Data for this task
:::::

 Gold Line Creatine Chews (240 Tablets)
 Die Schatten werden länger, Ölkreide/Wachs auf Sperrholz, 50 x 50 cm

:::::

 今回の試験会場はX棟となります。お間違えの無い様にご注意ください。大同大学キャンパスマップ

:::::

Exercise
Exact duplication is required for the lines above, from the line that contains "Gold Line Creatine Chews (240 Tablets)" to the line that contains "Die Schatten werden", inclusive; omit all others.

Task response
 Gold Line Creatine Chews (240 Tablets)
 Die Schatten werden länger, Ölkreide/Wachs auf Sperrholz, 50 x 50 cm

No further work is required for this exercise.